Work to complete →
What you write should be an exact repeat of the lines from the one with "Soup in a disposable cup of craft paper" through the final line below, minus the pictures.

Dataset excerpt →
"""

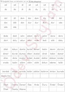 d sesi heceler ve kelimeler tablo dik temel harfler 3. grup sesler 1. sınıf okuma yazma öğreniyorum
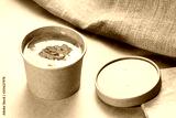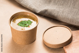 Soup in a disposable cup of craft paper
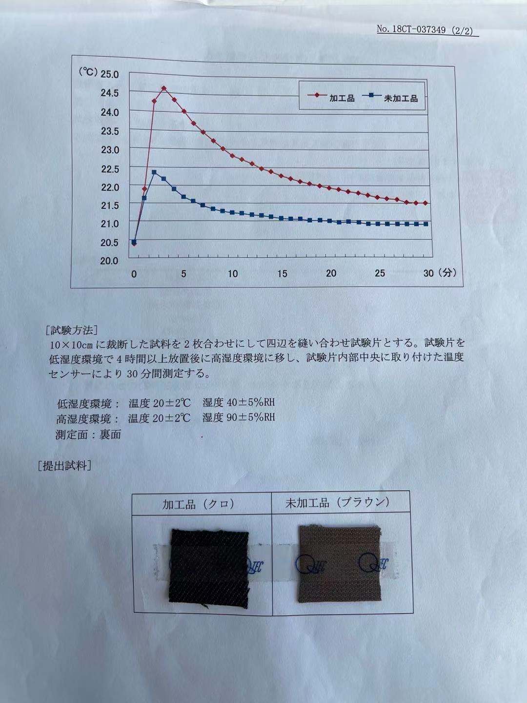 采用特殊工艺的吸湿发热再生纤维素纤维,以其特殊的扁平断面,优良的吸湿性能,使其发热的效果远远好于普通的天然纤维和合成纤维,配合保暖性能优异的晴纶纤维,面料发热,保暖,保湿多重效果。

"""

Result →
 Soup in a disposable cup of craft paper
 采用特殊工艺的吸湿发热再生纤维素纤维,以其特殊的扁平断面,优良的吸湿性能,使其发热的效果远远好于普通的天然纤维和合成纤维,配合保暖性能优异的晴纶纤维,面料发热,保暖,保湿多重效果。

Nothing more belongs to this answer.